Strategy A: Reasonable Interpretation If the ambiguity has a standard interpretation in the domain, resolve it automatically and document the assumption.

Example:

• Requirement: "The buffer never overflows"
• Interpretation: "buffer_size <= MAX_BUFFER_SIZE" (assuming MAX_BUFFER_SIZE is defined)

Strategy B: Ask Clarifying Questions For critical or non-obvious ambiguities, ask the user:

• "Does 'eventually' mean within a bounded time or unbounded?"
• "Should this property hold for all processes or just specific ones?"
• "What is the initial state assumption?"

See references/clarification_patterns.md for common question templates.

Step 3: Map to TLA+ Constructs

Translate the requirement into TLA+ syntax:

Invariants (Type Invariant or State Predicate):

TypeOK == /\ var1 \in ValidSet1
          /\ var2 \in ValidSet2
          /\ condition

StateInvariant == predicate_over_state_variables

Safety Properties (Always):

Safety == []P  \* P holds in all reachable states

Liveness Properties (Eventually):

Liveness == <>P  \* P eventually holds
Liveness2 == [](P => <>Q)  \* If P holds, Q eventually holds

Fairness:

Fairness == WF_vars(Action)  \* Weak fairness
Fairness2 == SF_vars(Action)  \* Strong fairness

See references/tlaplus_syntax.md for comprehensive syntax reference.

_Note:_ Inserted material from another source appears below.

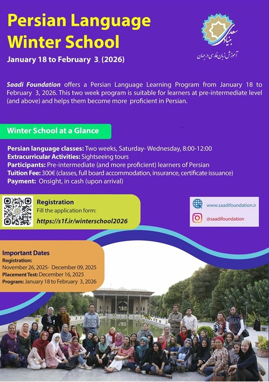 La Fundación Saadi ofrece el programa Escuela de Invierno de Lengua Persa, que se llevará a cabo del 18 de enero al 3 de febrero de 2026. Este programa intensivo de dos semanas está dirigido a estudiantes de persa de nivel preintermedio y superior, y tiene como objetivo mejorar las competencias lingüísticas de los participantes en el idioma persa.
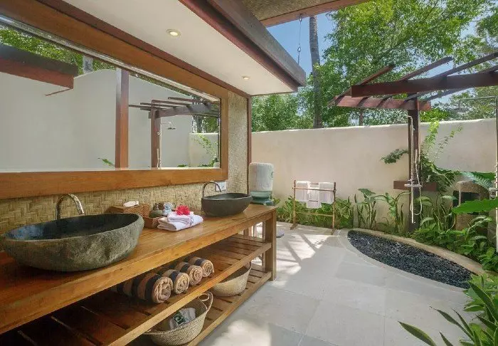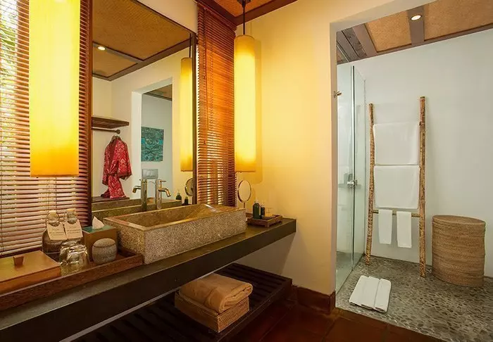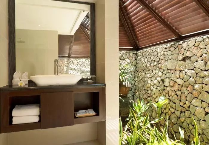 Batu Karang is built in rustic materials that harmonise nicely with the tropical surroundings. The style is modern and traditional, which is also reflected in the resort’s 37 villas and suites, which are attractively appointed with light walls, beautiful stone floors and nice dark wood furniture, which gives it a warm and cosy feel.

Step 4: Generate TLA+ Property Definition

Create the complete property definition:

1. Choose appropriate name: Descriptive and follows TLA+ conventions
2. Write the formula: Use correct TLA+ temporal operators
3. Add comments: Explain the property's intent
4. Include in spec: Show where to place it in the TLA+ module

Example output:

\* Property: Buffer never overflows
\* Requirement: "The system must ensure the buffer size never exceeds capacity"
\* Type: Safety (Invariant)
BufferSafety == buffer_size <= MAX_BUFFER_SIZE

\* Add to specification:
\* Spec == Init /\ [][Next]_vars /\ BufferSafety

Step 5: Provide Semantic Explanation

Explain what the property means:

1. Plain English: Restate in clear, unambiguous language
2. Violation scenario: Describe what would violate this property
3. Verification approach: How TLC will check it
4. Related properties: Mention dependencies or related properties

Common Requirement Patterns

Pattern 1: Mutual Exclusion

Requirement: "At most one process can be in the critical section"

TLA+ Property:

MutualExclusion ==
    \A p1, p2 \in Processes :
        (p1 # p2) => ~(pc[p1] = "critical" /\ pc[p2] = "critical")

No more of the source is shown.